Exercise brief: Restate all the data word for word and omit the pictures.
════════
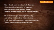 Your best is not good enough but that is okay <br />There's always one better it does seem that way <br />The best does not remain best for a long period of time <br />We slowly slip backwards from the peak of our prime. <br /> <br />At least in your efforts you can take some pride <br />And you can feel happy that at least you've tried <br />The name of the winner most people recall <br />But you can feel happy that you gave it your all. <br /> <br />There are winners in business and winners in sport <br />On the stock market and football and on the tennis court <br />But for every winner who makes headline news <br />So many it does seem are destined to lose. <br /> <br />And though this time you did not win the next time maybe <br />You will be the one to enjoy victory <br />You did try your best and though you did not succeed <br />In your philosophical nature by example you lead.<br /><br />Francis Duggan<br /><br />http://www.poemhunter.com/poem/you-did-try-your-best/
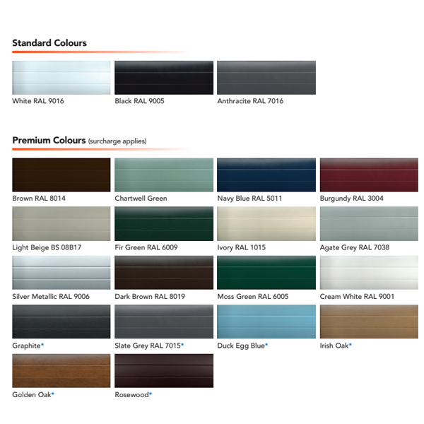 The door curtain is available in 3 standard and 8 premium and high quality powdercoated colours with optional half or full hood in a matching colour. If you require a contrasting hood or guides colour please call or email for details and pricing.
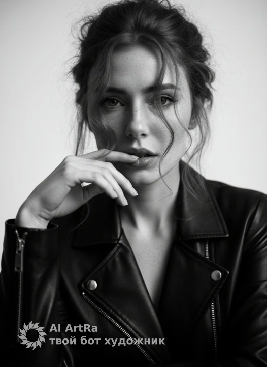 She raises one hand near her lips, lightly touching them with her fingers in a sensual, delicate gesture. Her other arm is bent and partially visible in the bottom left corner, covered by a black leather jacket sleeve. She wears a black leather jacket that appears in the foreground, creating depth and framing the lower part of the image.
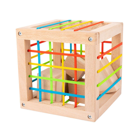 Felfedező kocka fejlesztő játék kisgyerekeknek. A készlet 1 db nagy kockát és 5 db pici geometriai testet tartalmaz. A nagy kocka oldala színes gumipántokkal van átszőve, melyek lehetővé teszik a formák könnyű be és kihelyezését. A kisebb testek csörgő hangot adnak ki.
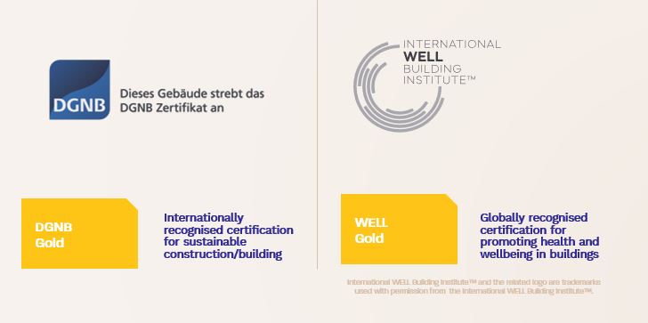 The New Building has already been registered and precertified for WELL Gold, verifying the quality of space and its ability to positively impact wellbeing and productivity. Moreover our sustainable approach is also registered with DGNB to achieve Gold status. So this building is already internationally recognized and awarded. That fills us with pride. Because we do believe that just like home isn’t just your flat, work isn’t just an office. And we are happy for you to work, eat and meet here.
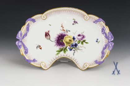 Teller mit Perlrand, im Spiegel ein Blumenbukett
════════
Solution for this task:
 Your best is not good enough but that is okay <br />There's always one better it does seem that way <br />The best does not remain best for a long period of time <br />We slowly slip backwards from the peak of our prime. <br /> <br />At least in your efforts you can take some pride <br />And you can feel happy that at least you've tried <br />The name of the winner most people recall <br />But you can feel happy that you gave it your all. <br /> <br />There are winners in business and winners in sport <br />On the stock market and football and on the tennis court <br />But for every winner who makes headline news <br />So many it does seem are destined to lose. <br /> <br />And though this time you did not win the next time maybe <br />You will be the one to enjoy victory <br />You did try your best and though you did not succeed <br />In your philosophical nature by example you lead.<br /><br />Francis Duggan<br /><br />http://www.poemhunter.com/poem/you-did-try-your-best/
 The door curtain is available in 3 standard and 8 premium and high quality powdercoated colours with optional half or full hood in a matching colour. If you require a contrasting hood or guides colour please call or email for details and pricing.
 She raises one hand near her lips, lightly touching them with her fingers in a sensual, delicate gesture. Her other arm is bent and partially visible in the bottom left corner, covered by a black leather jacket sleeve. She wears a black leather jacket that appears in the foreground, creating depth and framing the lower part of the image.
 Felfedező kocka fejlesztő játék kisgyerekeknek. A készlet 1 db nagy kockát és 5 db pici geometriai testet tartalmaz. A nagy kocka oldala színes gumipántokkal van átszőve, melyek lehetővé teszik a formák könnyű be és kihelyezését. A kisebb testek csörgő hangot adnak ki.
 The New Building has already been registered and precertified for WELL Gold, verifying the quality of space and its ability to positively impact wellbeing and productivity. Moreover our sustainable approach is also registered with DGNB to achieve Gold status. So this building is already internationally recognized and awarded. That fills us with pride. Because we do believe that just like home isn’t just your flat, work isn’t just an office. And we are happy for you to work, eat and meet here.
 Teller mit Perlrand, im Spiegel ein Blumenbukett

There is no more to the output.